6. The multi-signal analysis and early warning system for vibration and noise of building electromechanical equipment according to claim 5, characterized in that, The system adopts a cloud-edge collaborative computing architecture. The multimodal signal acquisition array and the signal preprocessing and synchronization module are deployed on edge computing nodes. The computing tasks of the multi-source signal blind separation and reconstruction module, the device feature fingerprint library, and the fault mode recognition and location engine are deployed on cloud servers. The early warning decision and visualization module acts as a client, subscribing to processing results and raw alarm streams from both the cloud and edge nodes.
7. The multi-signal analysis and early warning system for vibration and noise of building electromechanical equipment according to claim 6, characterized in that, The early warning decision-making logic of the early warning decision and visualization module is as follows: when the comprehensive status deviation index is greater than the attention level threshold but lower than the early warning level threshold, a device status deterioration trend prompt is generated; When the overall status deviation index is greater than the warning level threshold and the fault mode classifier outputs a clear fault type, a warning notification for the corresponding fault type is generated, along with an estimate of the spatial coordinates of the fault source. When the overall status deviation index is greater than the alarm level threshold and the location confidence of the fault source is higher than 95%, the highest level alarm command is generated, and the linkage interface with the building equipment management system is automatically triggered.
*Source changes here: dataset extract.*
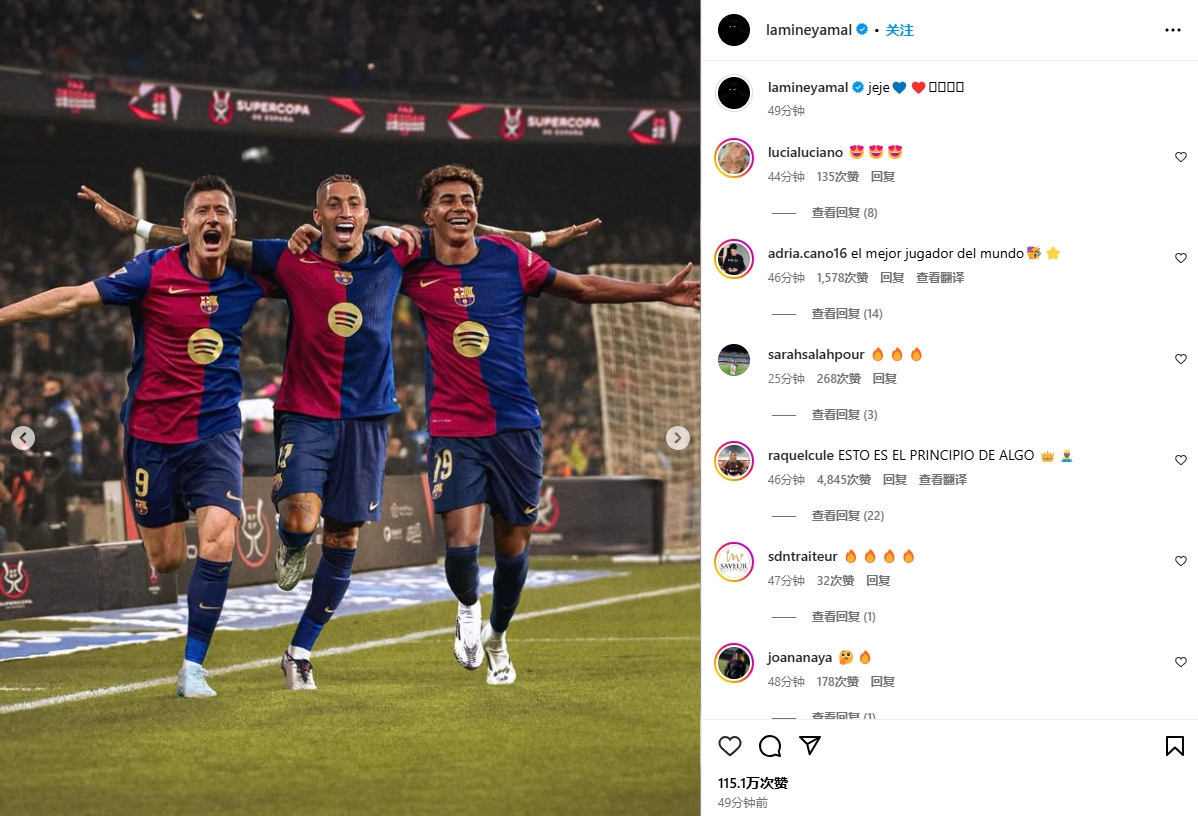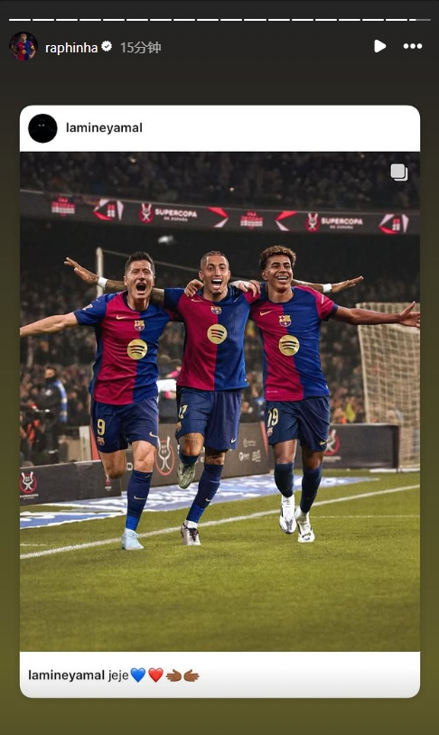 發(fā)布時(shí)間:2025年01月13日 08:50點(diǎn)擊:欄目:足球新聞 01月13日訊 西班牙超級杯決賽,巴薩5-2皇馬奪冠。賽后,亞馬爾更新社媒曬出多張照片,其中一張是萊萬、亞馬爾、拉菲尼亞慶祝照。隨后拉菲尼亞也轉(zhuǎn)發(fā)。這張照片紛紛讓網(wǎng)友們想起昔日MSN經(jīng)典慶祝瞬間。 除特別注明外,本站所有內(nèi)容均為九球直播整理排版,轉(zhuǎn)載請注明出處:太像了!亞馬爾賽后曬照,慶祝瞬間讓人想起昔日MSN三叉戟! 本文標(biāo)簽: 足球 西甲 皇家馬德里 巴塞羅那 梅西 內(nèi)馬爾

8. The multi-signal analysis and early warning system for vibration and noise of building electromechanical equipment according to claim 7, characterized in that, In the second layer of the fault mode recognition and localization engine, the multi-classifier based on support vector machines, trained according to historical fault cases, can map abnormal features to specific fault modes.
9. The multi-signal analysis and early warning system for vibration and noise of building electromechanical equipment according to claim 8, characterized in that, During the incremental learning process, the device feature fingerprint database records the version update log of the feature fingerprints.
10. The multi-signal analysis and early warning system for vibration and noise of building electromechanical equipment according to claim 9, characterized in that, The edge computing node compresses and uploads the preprocessed hybrid observation signal matrix to the cloud server at periodic intervals.